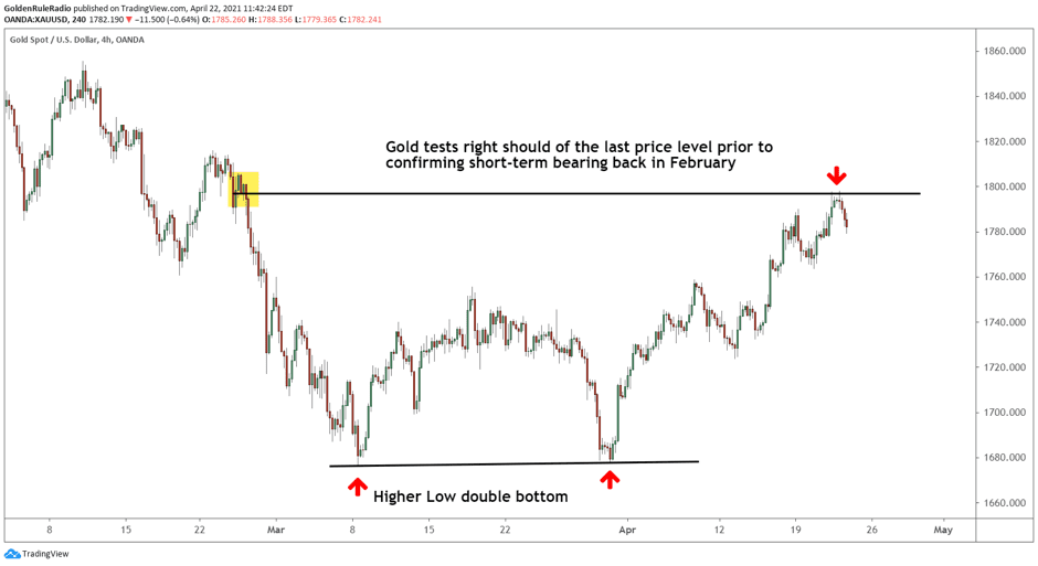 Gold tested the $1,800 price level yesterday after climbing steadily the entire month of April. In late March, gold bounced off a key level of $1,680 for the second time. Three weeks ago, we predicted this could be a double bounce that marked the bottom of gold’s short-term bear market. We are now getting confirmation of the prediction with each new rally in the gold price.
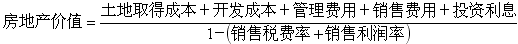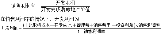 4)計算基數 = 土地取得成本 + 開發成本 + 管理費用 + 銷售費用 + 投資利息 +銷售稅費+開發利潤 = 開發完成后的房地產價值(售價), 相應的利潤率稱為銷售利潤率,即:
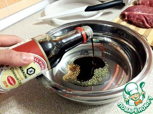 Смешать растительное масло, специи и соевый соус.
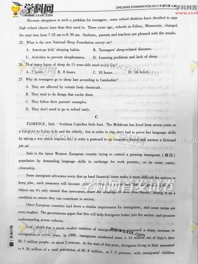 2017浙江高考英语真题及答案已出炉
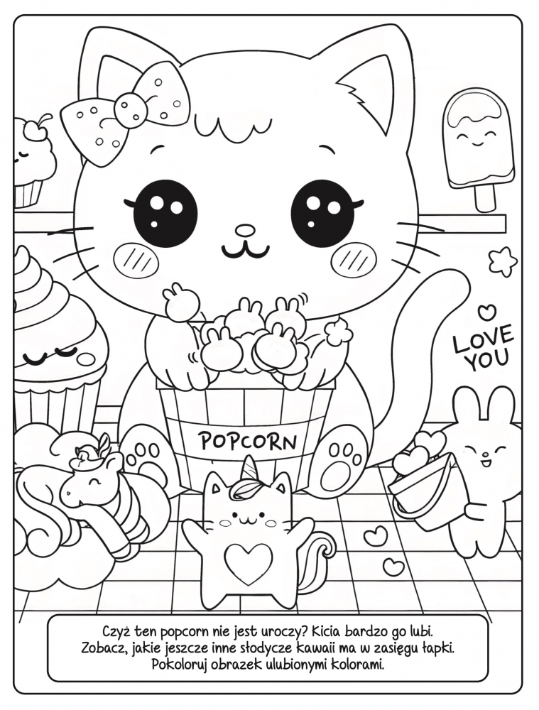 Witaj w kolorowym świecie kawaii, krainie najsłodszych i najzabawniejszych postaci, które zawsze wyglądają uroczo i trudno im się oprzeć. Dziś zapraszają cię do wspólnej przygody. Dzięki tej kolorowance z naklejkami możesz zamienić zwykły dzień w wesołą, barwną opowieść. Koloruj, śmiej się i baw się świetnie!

...

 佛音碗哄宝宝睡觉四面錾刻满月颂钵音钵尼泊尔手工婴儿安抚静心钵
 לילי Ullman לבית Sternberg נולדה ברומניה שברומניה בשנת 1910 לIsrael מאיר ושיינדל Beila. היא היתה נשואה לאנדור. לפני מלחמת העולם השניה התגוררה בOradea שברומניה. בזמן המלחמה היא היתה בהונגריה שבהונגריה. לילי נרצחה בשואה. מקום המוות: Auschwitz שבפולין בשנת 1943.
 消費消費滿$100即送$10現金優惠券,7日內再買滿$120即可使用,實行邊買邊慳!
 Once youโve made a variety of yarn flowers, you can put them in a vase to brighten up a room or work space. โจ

→ **WHAT IS REQUIRED**
In the listing above, find the line holding "4)計算基數 = 土地取得成本" and the line holding "Witaj w kolorowym". Reproduce those two lines and all between them exactly, leaving out pictures.

→ **EXPECTED ANSWER**
 4)計算基數 = 土地取得成本 + 開發成本 + 管理費用 + 銷售費用 + 投資利息 +銷售稅費+開發利潤 = 開發完成后的房地產價值(售價), 相應的利潤率稱為銷售利潤率,即:
 Смешать растительное масло, специи и соевый соус.
 2017浙江高考英语真题及答案已出炉
 Witaj w kolorowym świecie kawaii, krainie najsłodszych i najzabawniejszych postaci, które zawsze wyglądają uroczo i trudno im się oprzeć. Dziś zapraszają cię do wspólnej przygody. Dzięki tej kolorowance z naklejkami możesz zamienić zwykły dzień w wesołą, barwną opowieść. Koloruj, śmiej się i baw się świetnie!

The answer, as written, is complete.